For cases when we want to process and analyze samples in parallel, it is convenient to merge them into a single object. Here, we read multiple files and aggregate them into a single object. When doing so, the cell ID and sample ID are merged to form the new cell ID in the merged object (i.e. “S1_RCVCMP0000830”).
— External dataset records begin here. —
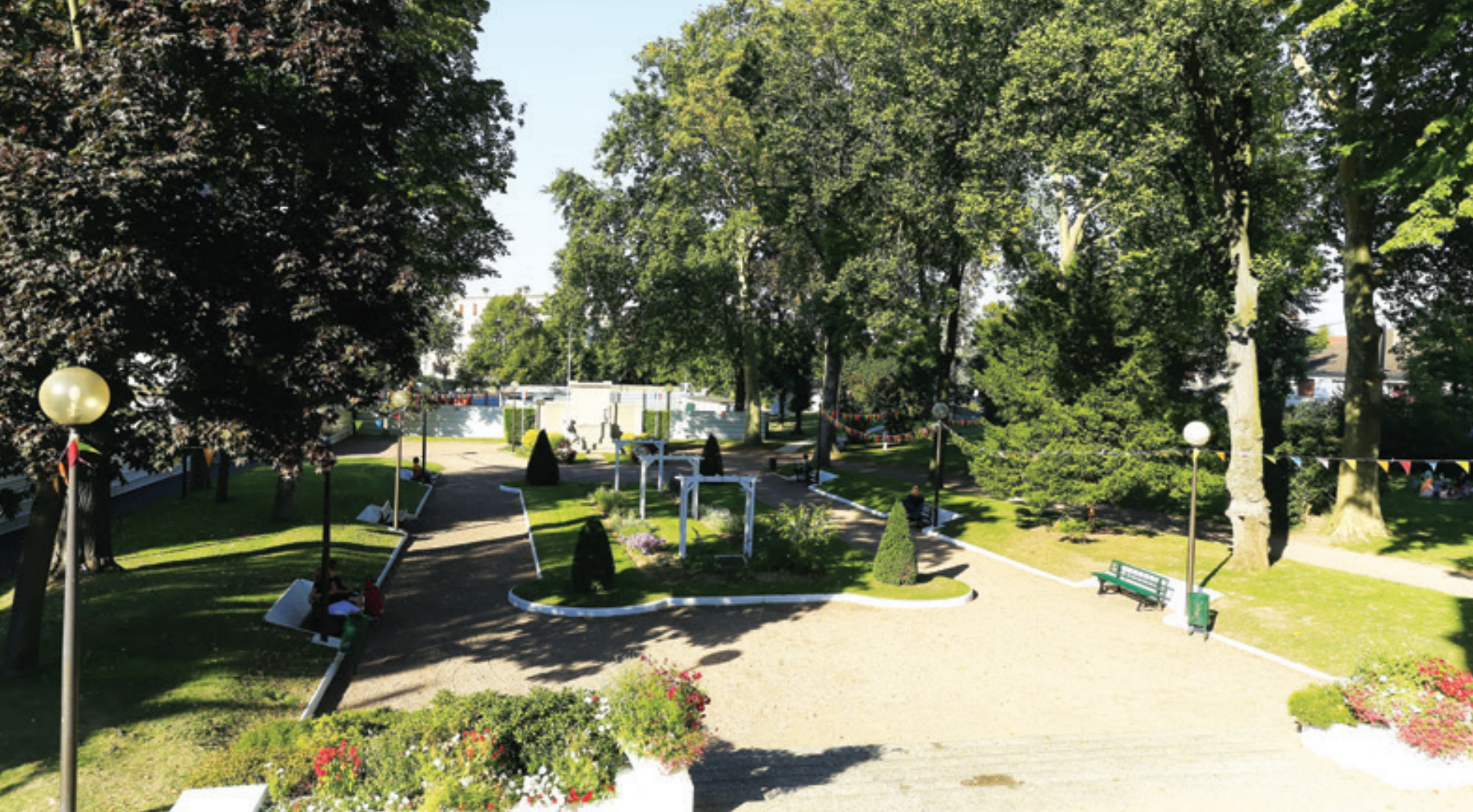
Le Square Jean Mermoz
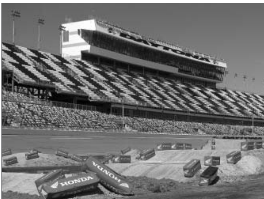
Huvudläktaren på Daytona Speedway är imponerande, totalt rymmer stadion över 200 000 åskådare.
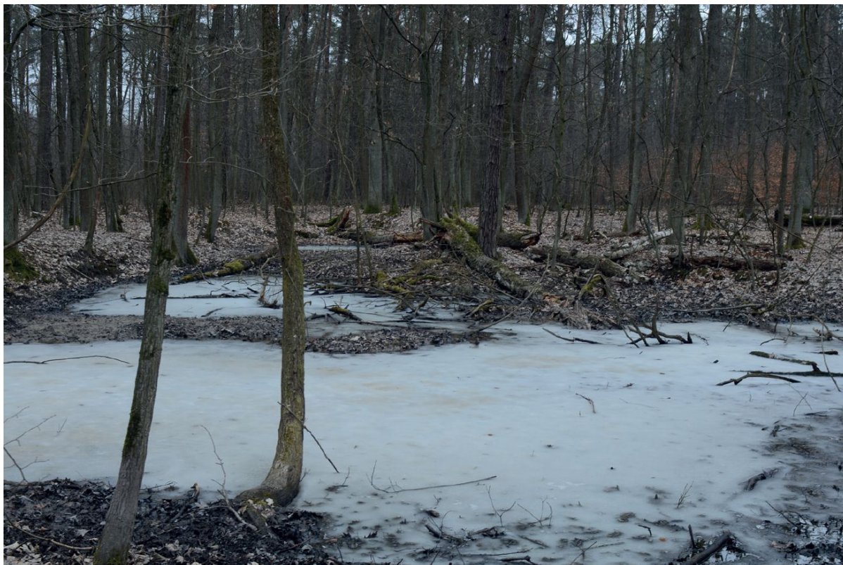
Las Lućmierski (wiosna 2018), fot. Olgierd Ławrynowicz

na terenie poligonu wojskowego na Brusie w Łodzi.
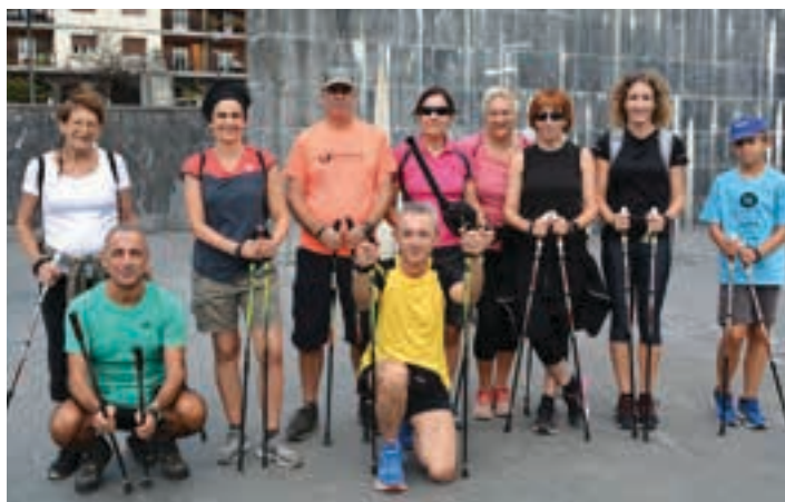
Nordic Walking taldeko kideek ere "Mugitu Andoain" ekimenarekin bat egin zuten. AIURRI
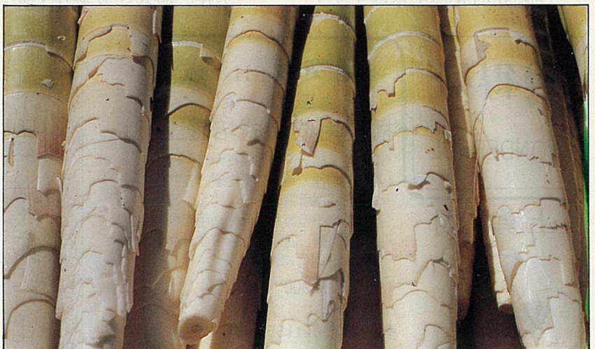
桂竹筴是美味佳餚
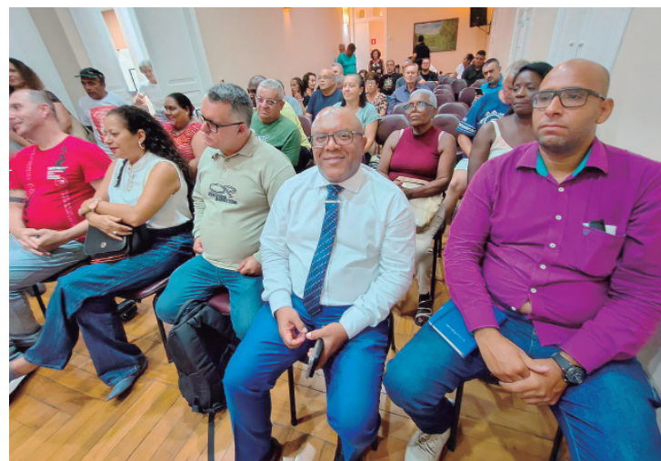
Professores, sindicalistas e lideranças de movimentos sociais participaram do lançamento do Comitê
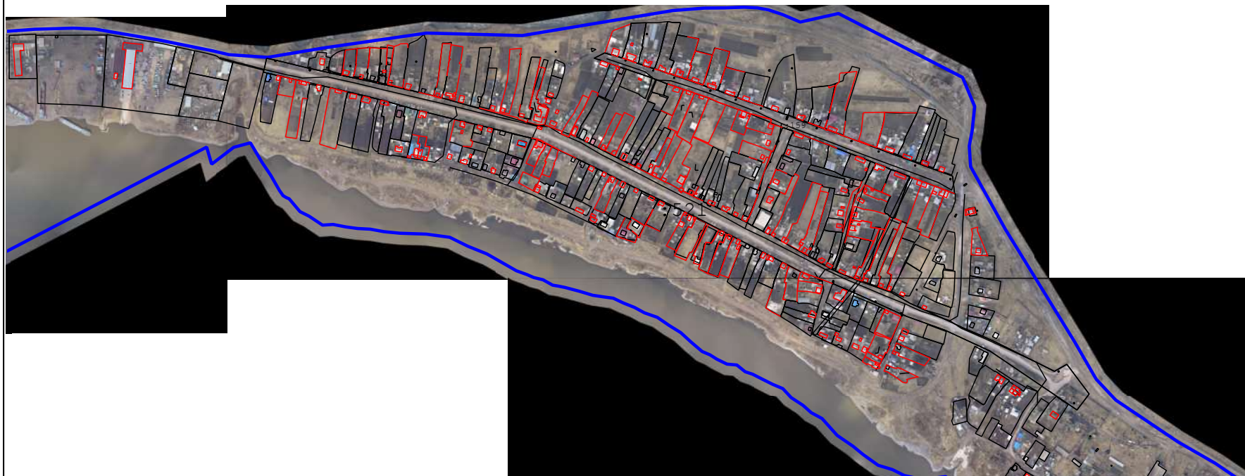
Схема геодезических построений
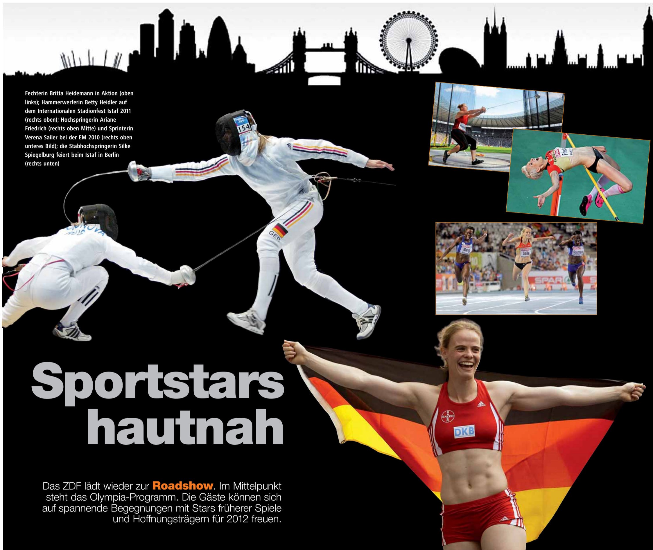
Fechterin Britta Heidemann in Aktion (oben links); Hammerwerferin Betty Heidler auf dem Internationalen Stadionfest Istaf 2011 (rechts oben); Hochspringerin Ariane Friedrich (rechts oben Mitte) und Sprinterin Verena Sailer bei der EM 2010 (rechts oben unteres Bild); die Stabhochspringerin Silke Spiegelburg feiert beim Istaf in Berlin (rechts unten)
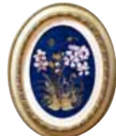
アンティークオーキッド ロング 清美
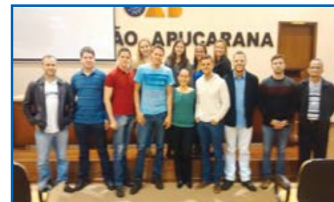
Acadêmicos do 8º semestre registrados no último dia de curso
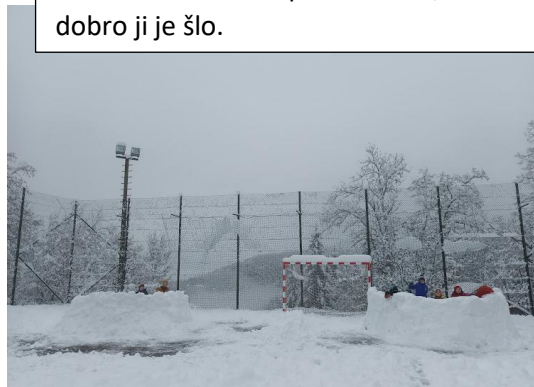
Sneg je naše največje veselje.
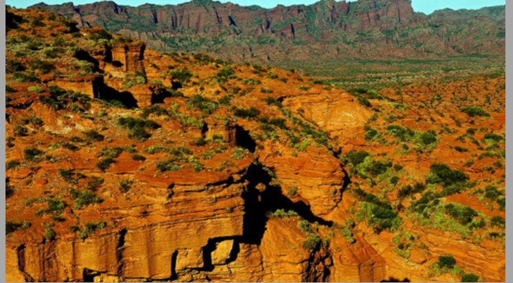
Parque Nac Sierras de las Quijadas (San Luis ,Arg)
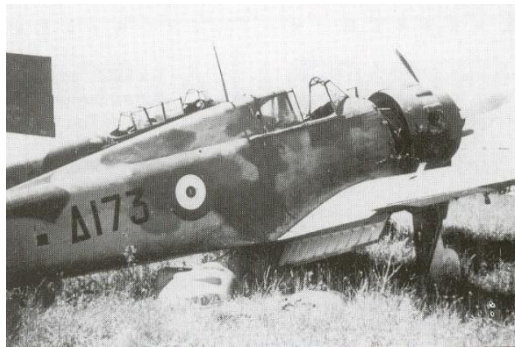
Α/φος Bloch MB 151 με Αριθμό Δ173-Το Α/φος του Γ. Μόκκα είχε Αριθμό Δ172
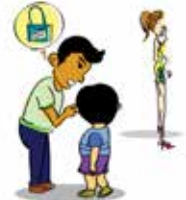
Dụ dỗ trẻ
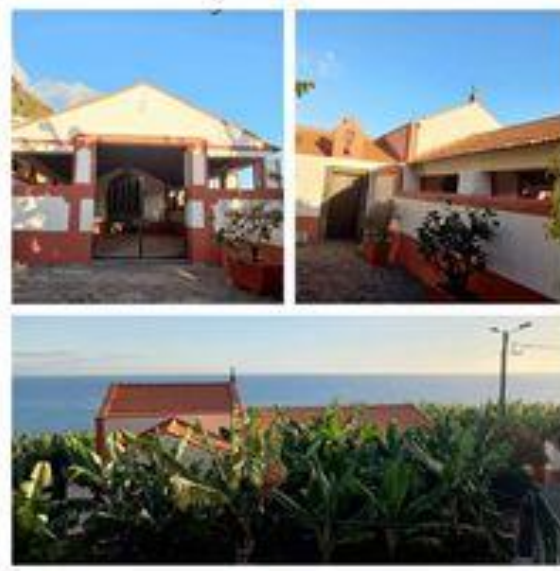
Figura 4: Capela da Nossa Senhora dos Anjos

1474 e de arquitetura maneirista de planta retangular, contém as imagens do Sagrado Coração de Jesus, Nossa Senhora dos Anjos e Nossa Senhora do Desterro (figura 4).
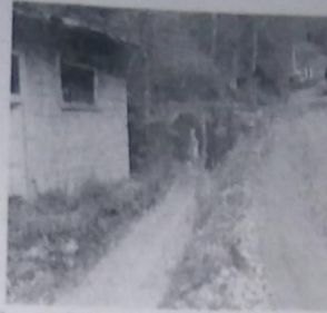
Слика 2: Јамске воде, одвођење
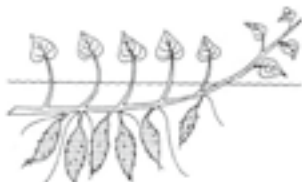
図 サツマイモの付き方
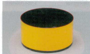
5-935-4 ¥700 回転寿司皿用W高台 黄天朱 (内黒) [A] φ120×61 3-701-5 (72020190)
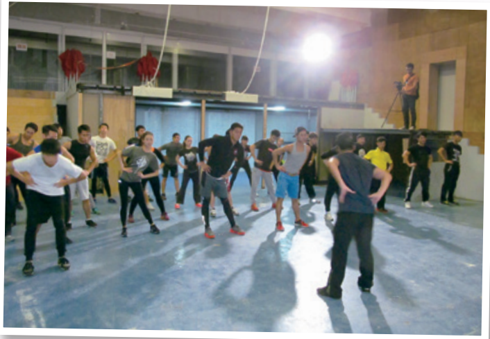
由專業導演訓練及指導 Professional stunt training
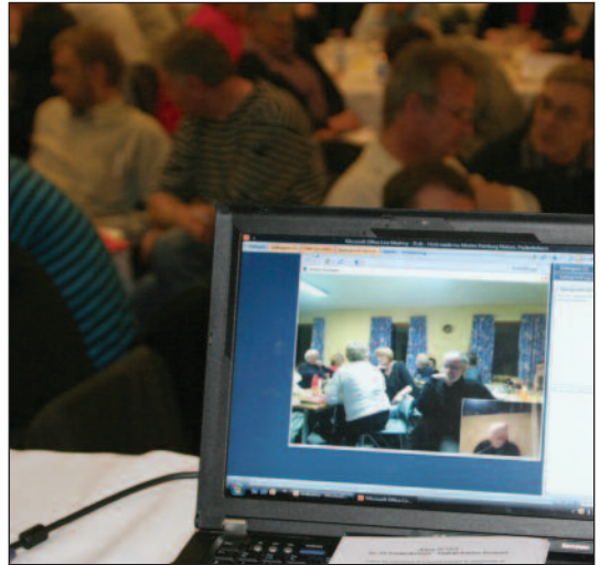
15 medlemmer på Læsø kunne følge med i generalforsamlingen. Men teknikken svigtede lidt.
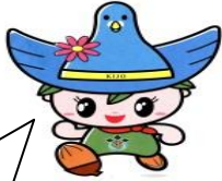
男性?代表 キックン

クウちゃんも、「夕食後」 たまに食べたりしちよるよね BMIに注意やね(苦笑) 野菜も食べているよ~とか いいながら、漬物とかが 多いとかもしれんよ~ 木城町は、血圧が高い人が 多いうて聞いたから 「塩分」は控えんといかんね
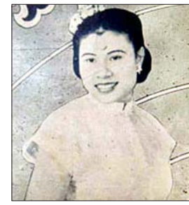
မြင့်မြင့်ဌေး
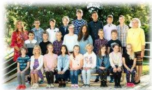
Fakultní d'áblická škola / září 2020
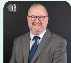
District no 8 (Lionel-Groulx)
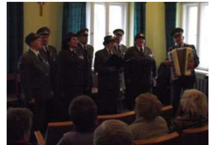
„Bočių ir šaulių“ ansamblis dovanojo patriotinių bei lietuvių liaudies dainų koncertą.
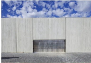
Les murs sont réalisés avec des panneaux en béton préfabriqué matricé.

« Chaque espace tente de se décharger des contraintes techniques afin d'assurer diverses fonctions à la fois spécifiques et évolutives, commente l'architecte. Ainsi, les pièces telles que les chambres/bureaux avec salle de bains sont peu marquées par leur usage, et davantage caractérisées par l'ambiance, en cohérence avec l'ensemble du projet. Le vaste volume transparent du séjour/salle de réunion/d'exposition/de réception est entièrement ouvert d'un côté sur le patio pavé et sa piscine d'apparat et de l'autre sur la terrasse vers le golf. L'atelier présente un volume vaste éclairé par une grande fenêtre au nord. Il se prolonge par une " placette extérieure " pour recevoir ou encore exposer des œuvres. »
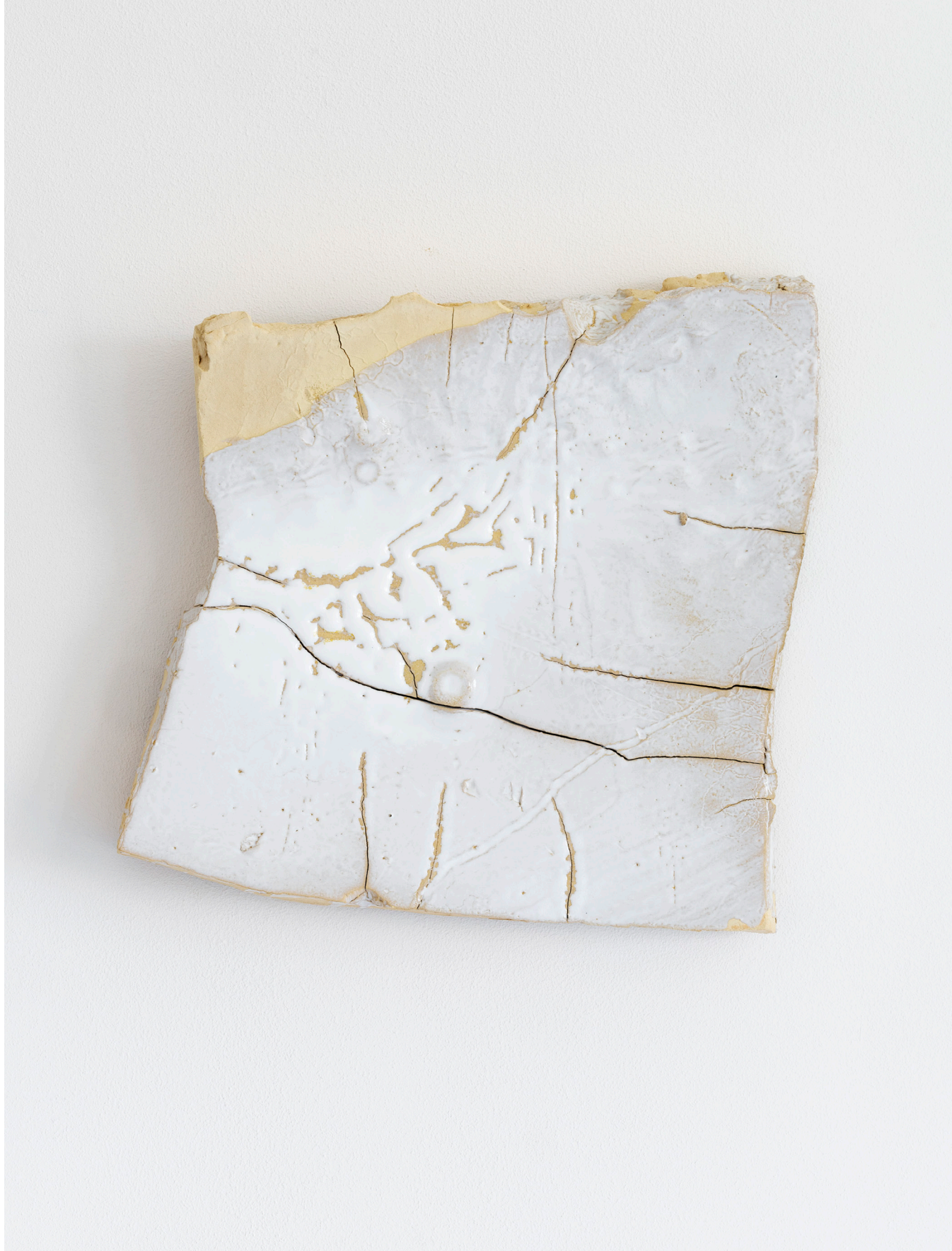
TERZO PAESAGGIO ( i Bianchi di Faenza ), zolla di alluvione e smalto, 2025

I DINOSAURI (dalla serie Fiori), matita colorata su carta, 2025
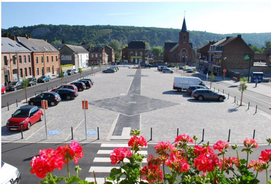
Rénovation de la place d'Anhée dans le cadre du 1 er PCDR
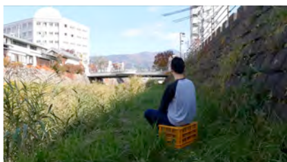
1. 《あれは、私の父です》2016 映像
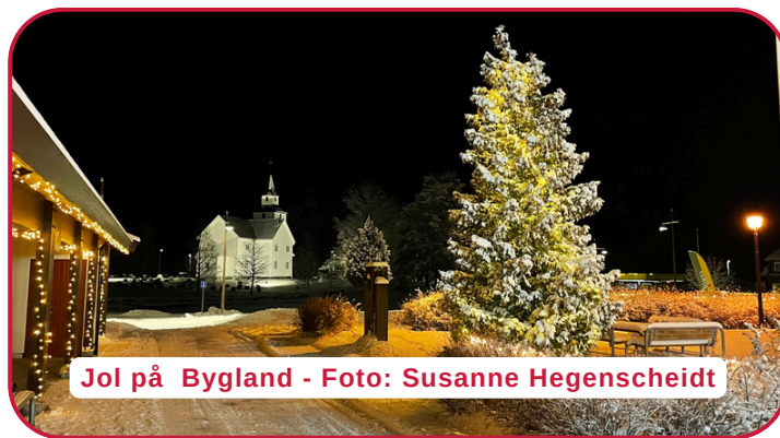
Jol på Bygland - Foto: Susanne Hegenscheidt
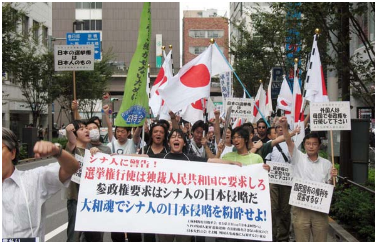
デモ隊の先頭、気合いが入っていました。

「特定外国人の地方自治乗っ取りを許さないぞ！」「憲法違反の外国人参政権を認めないぞ！」をキャッチフレーズに「外国人参政権断固反対！東京デモ」が27日、秋葉原周辺で行われ、主催者発表で500人（公安発表で400人）が気合いの入ったシュプレヒコールを繰り返しながら、道行く人にこの法案の危険性をアピールしました。（注、28日夜に開催された西村幸祐氏のトークライブでも氏が警察発表で750人と云っておられましたので数字を直しました）。
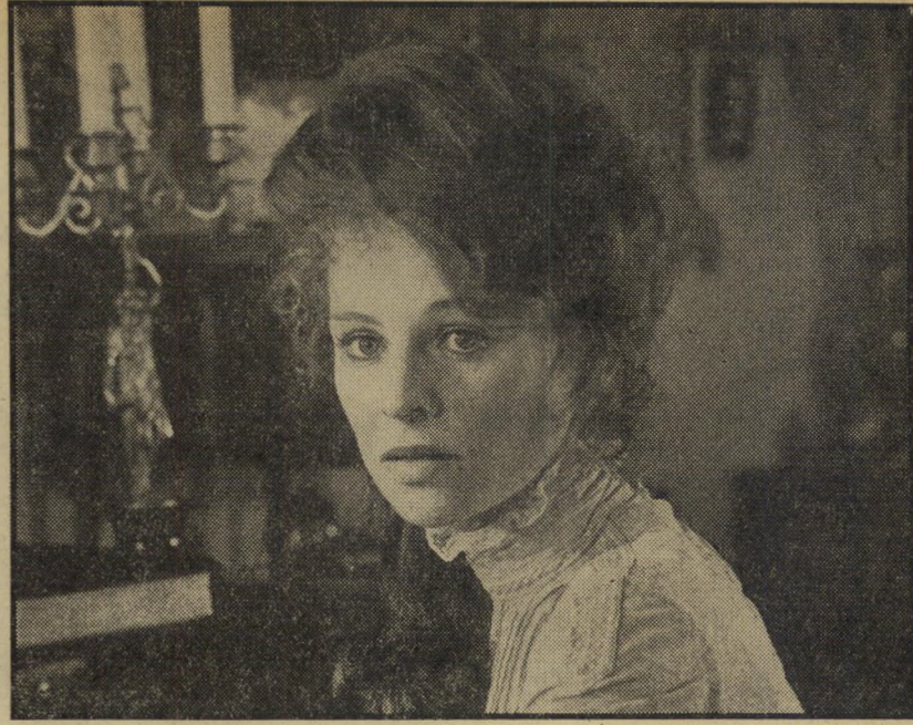
1. המקשר (אנגליה)
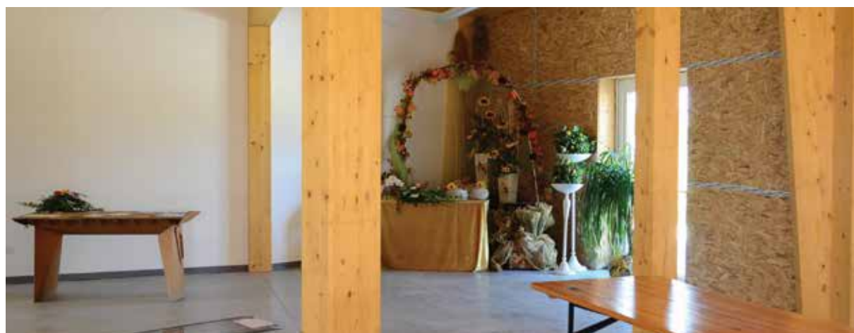
L'ingresso di Kirecò a Ravenna in via Romea 144
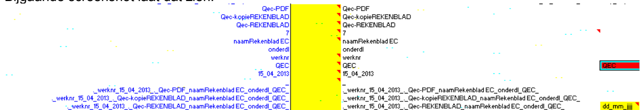
Figure 1: Screenshot bepaling bestandsnamen in start

De gele vakken zijn nu leeg, wat betekent dat margin bij mij niet geopend was en de standaardwaarden van start zelf(hier rechts in zwart) overgenomen worden(links in blauw).
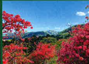
身近な緑の部 優良賞「天空のつつじ」(寄居町)

from pixelator import simple_aggregate

paths = [
DATA_DIR / "Sample01_human_pbmcs_unstimulated.dataset.pxl",
DATA_DIR / "Sample02_human_pbmcs_unstimulated.dataset.pxl",
]

pg_data_combined = simple_aggregate(
["sample1", "sample2"], [read(path) for path in paths]
)
pg_data_combined
Pixel dataset contains:
AnnData with 1056 obs and 80 vars
Edge list with 10667394 edges
Polarization scores with 74726 elements
Colocalization scores with 2724648 elements
Metadata:
samples: {'sample1': {'version': '0.12.0', 'sample': 'Sample01_SG_unstimulated_S1_001', 'file_format_version': 1, 'analysis': {'params': {'compute_polarization': True, 'compute_colocalization': True, 'use_full_bipartite': False, 'polarization_normalization': 'clr', 'polarization_binarization': False, 'colocalization_transformation': 'log1p', 'colocalization_neighbourhood_size': 1, 'colocalization_n_permutations': 50, 'colocalization_min_region_count': 5}}}, 'sample2': {'version': '0.12.0', 'sample': 'Sample02_SG_unstimulated_S2_001', 'file_format_version': 1, 'analysis': {'params': {'compute_polarization': True, 'compute_colocalization': True, 'use_full_bipartite': False, 'polarization_normalization': 'clr', 'polarization_binarization': False, 'colocalization_transformation': 'log1p', 'colocalization_neighbourhood_size': 1, 'colocalization_n_permutations': 50, 'colocalization_min_region_count': 5}}}}

Save data

After combining the samples, we can save the merged data object to use later.

pg_data_combined.save(DATA_DIR / "combined_data.pxl")

We have now seen how to load MPX data, inspect its key properties and prepare the data for integrated analysis across experimental samples. In the next tutorial we will apply these skills and demonstrate how to quality control MPX data.